Many users multipath the network setup too by setting up net bonding.

Sunil

Piotr Teodorowski wrote:
> Hi,
>
> I've cluster ocfs2 with 8 nodes and 2 devices mapped from Disk Storage 
> to this nodes (disks are formatted, file systems ocfs created)
>
> I can start the cluster on each node and mount device - this works fine.
>
> Let say my first node name is host1 and node numer is 0 and ip address 
> 172.28.4.1
> my second node name is host2 node number 1 and ip address 172.28.4.2 
> and i do nothing on other nodes (but the device is mounted on every node).
>
> when I run find /mount_point -type f on host1 it searches and displays 
> files.
> Before the find ends,  on host2 I remove IP address from interface 
> (the network connection is broken) and the find on host1 freeze.
> This is the log on host1:
>
> Jun 24 12:36:33 host1 kernel: [ 1816.861233] o2net: connection to node 
> host2 (num 1) at 172.28.4.2:7777 has been idle for 30.0 seconds, 
> shutting it down.
> Jun 24 12:36:33 host1 kernel: [ 1816.861242] 

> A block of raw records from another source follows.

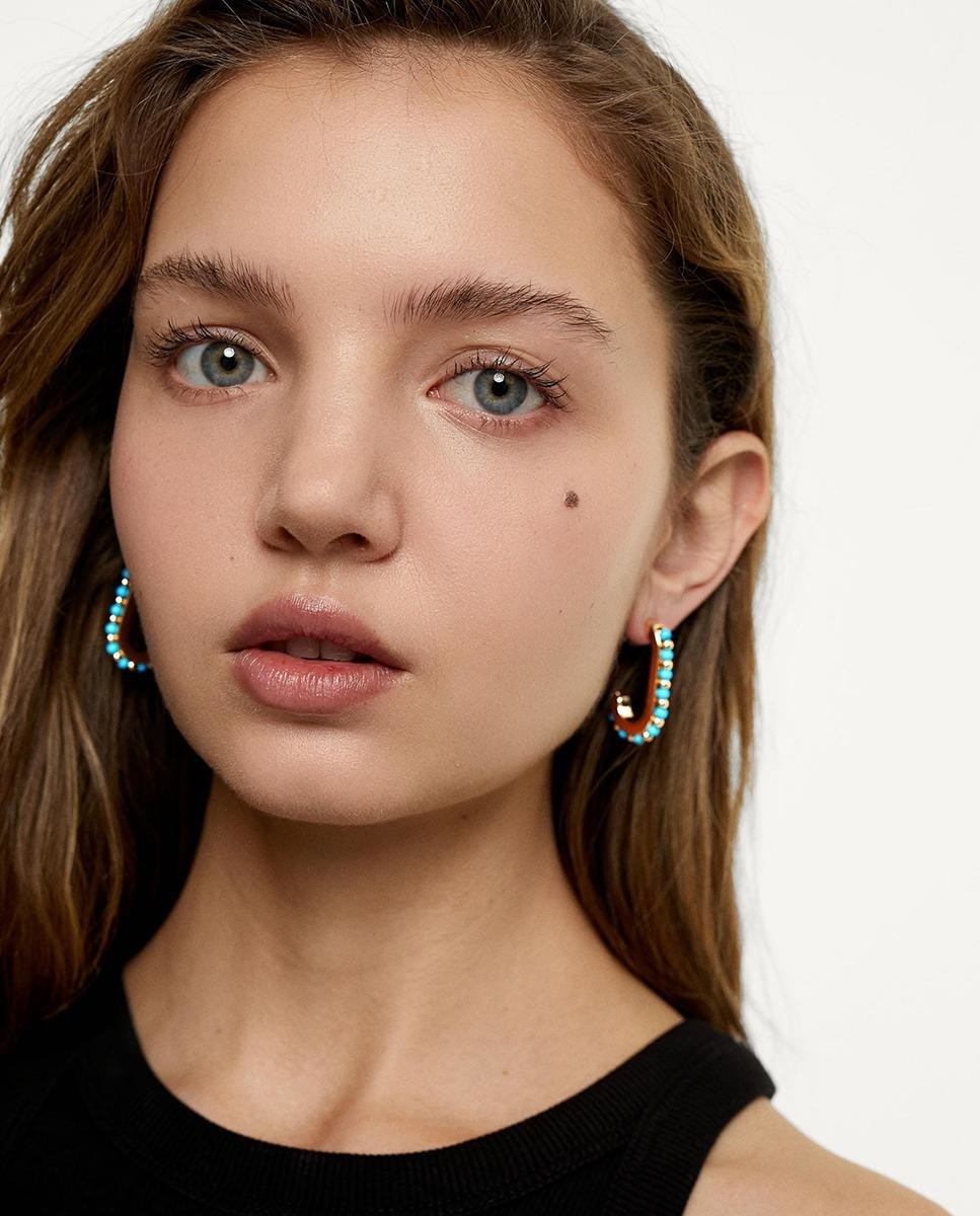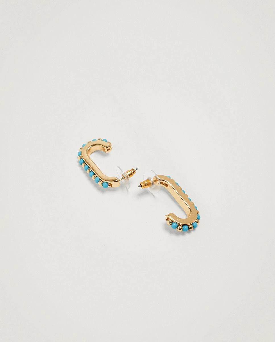 Z/PARFOIS J PENDIENTES DORADOS FORMA RECTANGULAR COLOR TURQUESA.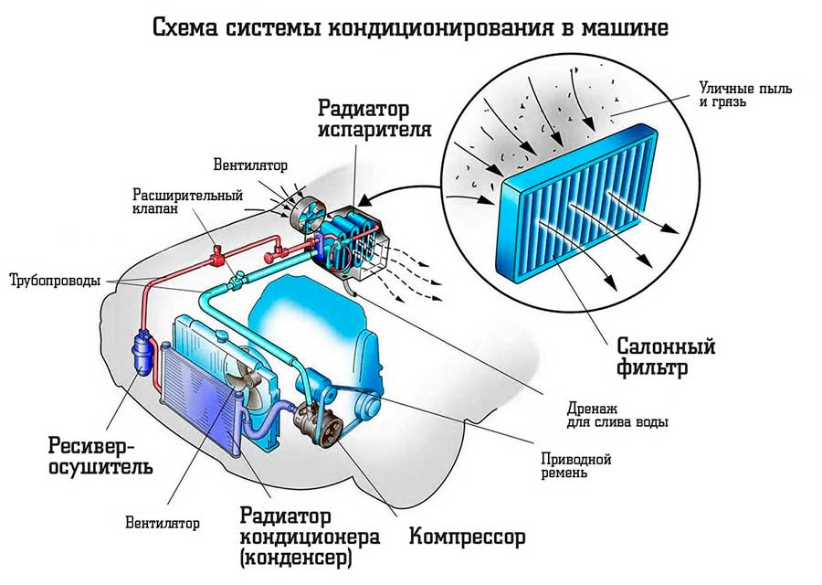 Автомобильный кондиционер – это сложное устройство, сердцем которого является компрессор. Последний, по сути, является насосом, который всасывает и нагнетает в систему хладагент (фреон Р134А).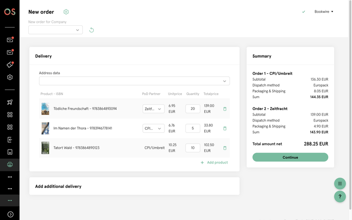 With our print-on-demand service, you can manage your print business to adapt flexibly to changing demands. Bookwire OS reports your PoD products to book wholesalers, shops and printers and ensures production and delivery to your customers after the order is received. Of course, individual print orders and drop shipment orders can also be added.
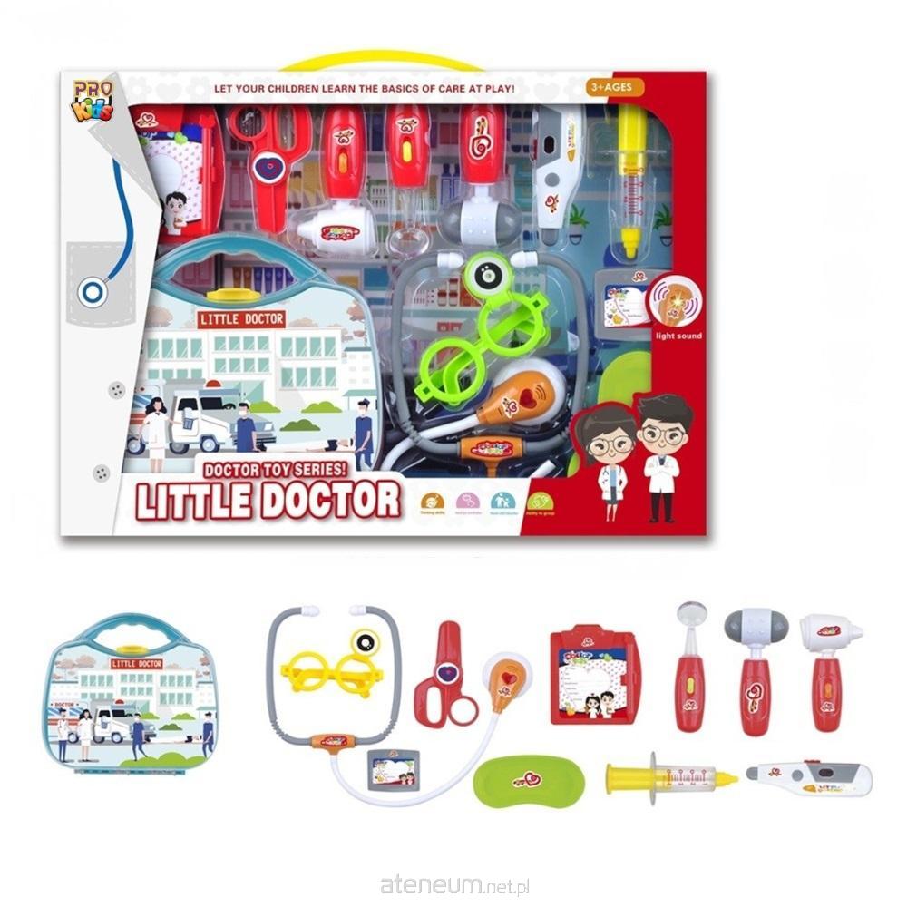 Walizka ma przeźroczyste zamykanie, dlatego dziecko widzi, jakie narzędzia ma ze sobą. Setoskop jest na baterie z funkcją swiatła i dźwięku. Po przyłożeniu stetoskopu rozlega się bicie serca i zapala się czerwona dioda. Termometr pozwala wybrać temperaturę 37, 38 lub 39 stopni.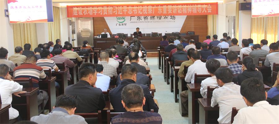 建設(shè)農(nóng)場召開學(xué)習(xí)習(xí)近平總書記視察廣東重要講話精神輔導(dǎo)大會 11月23日,建設(shè)農(nóng)場召開學(xué)習(xí)習(xí)近平總書記視察廣東重要講話精神輔導(dǎo)大會,邀請了化州市委宣講團(tuán)成員、黨校辦公室主任、講師李萬甘作專題輔導(dǎo)。全場機(jī)關(guān)干部、基層單位管理干部、各黨支部書記共102人參加了會議。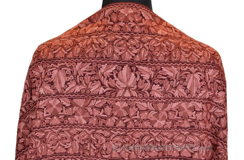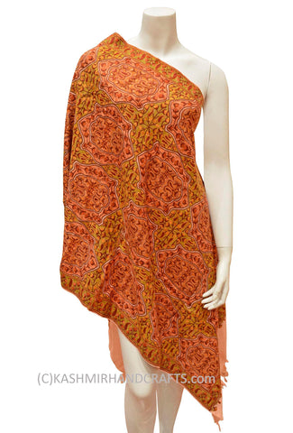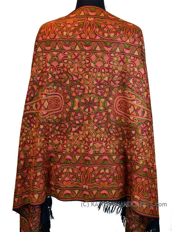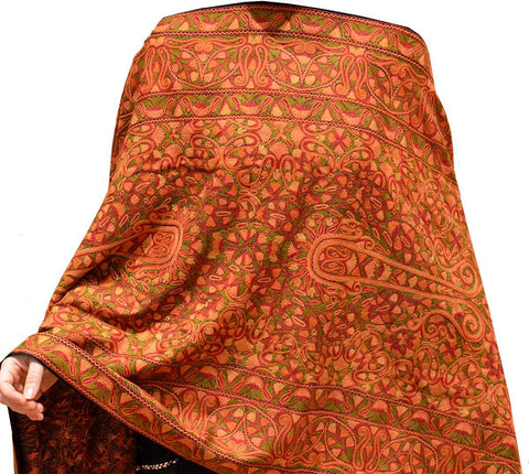 Kashmir Royal Peach Paisley Jamawar Shawl Hand Embroidered Suzani Needlework Wrap 27x76"
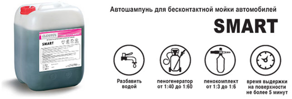 • Нанести пену на автомобиль: в летнее время - на сухую поверхность, зимой - на предварительно обработанную струёй воды высокого давления поверхность.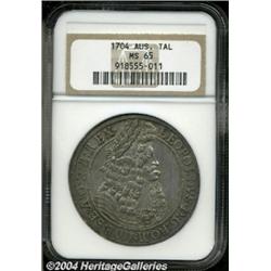 Leopold I (the Hogmouthed) taler 1704, Hall mint Bust right/Crowned arms in order chain, Dav-1003, KM644.4, MS65 NGC. Light gray toning with a razor sharp strike and underlying luster yielding a nice iridescent appearance. A truly superior example.From the Osage Collection. Important notice: Heritage usually auctions material at the rate of 200-250 lots per hour. On some occasions eBay Live bid software or the Internet may not be able to keep up with the pace of the auction. We recommend placing a realistic absentee bid now as insurance to avoid disappointment. Occasionally the auctioneer may eliminate or reject an eBay Live bid, and the auctioneer may also reopen a lot after the close of the eBay live bidding (usually because we missed an audience bid), and may reject your bid even if it shows you as the winning bidder. By bidding via eBay Live, you agree that Heritage may award the lot to another bidder at its sole discretion under the circumstances described above or any other reasonable circumstances. Also please note that all Heritage lots purchased through eBay Live carry a 20% Buyer's Premium. Please make sure you read the Terms and Conditions before you bid.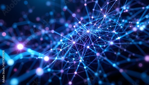 Artificial Intelligence Neural Network with Glowing Nodes and Connections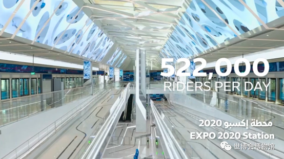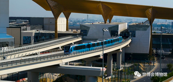 园区入口的地铁站已经建成,这是专为迪拜世博会建设“2020地铁线”项目七个站点的其中之一。该项目是连接世博园区与沿谢赫扎耶德大道行驶的“地铁红线”的延长线,长15公里。世博会地铁站每天的总客流承载量为52.2万人,双向每小时2.9万人。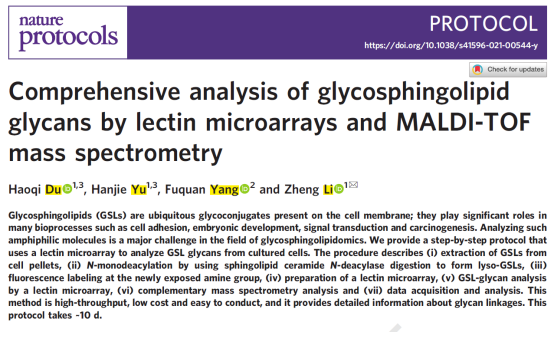 北京时间2021年6月7日,Nature Protocols在线发表了必赢bwin网页版官网关于利用凝集素芯片和质谱技术对人肝细胞癌和健康人肝细胞中糖鞘脂糖链谱分析方法的论文。必赢bwin网页版官网杜昊骐博士(现为德国癌症研究中心博士后)与于汉杰博士(现为必赢bwin网页版官网师资博士后)为本论文共同第一作者,必赢bwin网页版官网李铮教授为通讯作者。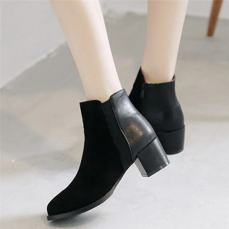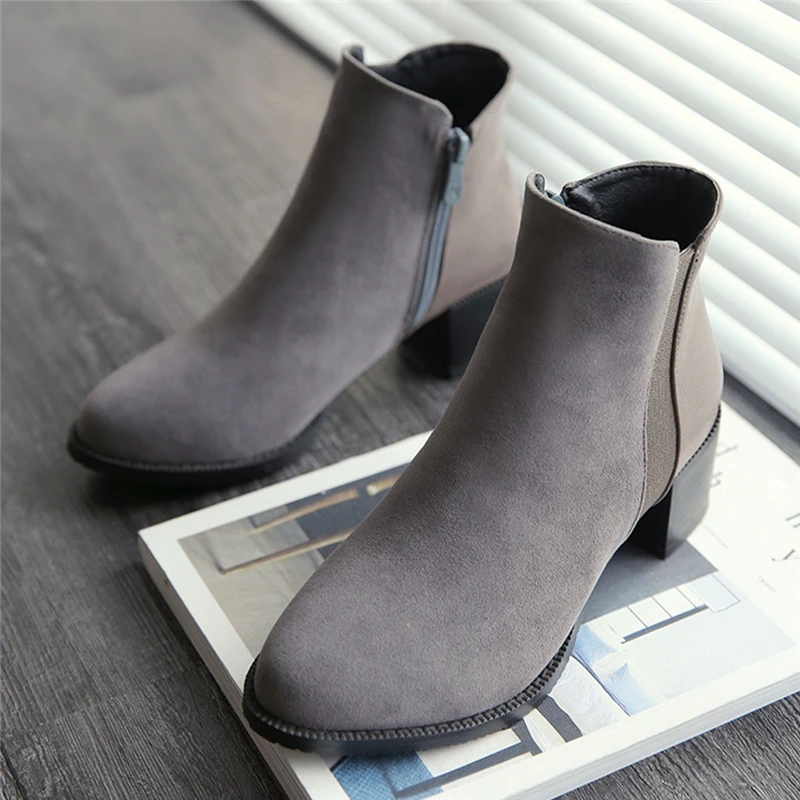 Bota Feminina Couro/большие размеры; ботильоны в стиле ретро на среднем каблуке с молнией; женские нескользящие ботинки без шнуровки; Студенческая зимняя обувь

> (0,5):o2net_idle_timer:1468 here are some times that might help debug 
> the situation: (tmr 1245839763.115691 now 1245839793.115494 dr 
> 1245839763.115676 adv 1245839763.115691:1245839763.115691 func 
> (cd6c8a07:500) 1245839758.695001:1245839758.695003)
> Jun 24 12:36:33 host1 kernel: [ 1816.861260] o2net: no longer 
> connected to node host2 (num 1) at 172.28.4.2:7777
>
> Few minutes later the find can search again (I do not kill the proccess)
> and I have in my logs:
> Jun 24 12:38:41 host1 kernel: [ 2011.612478] 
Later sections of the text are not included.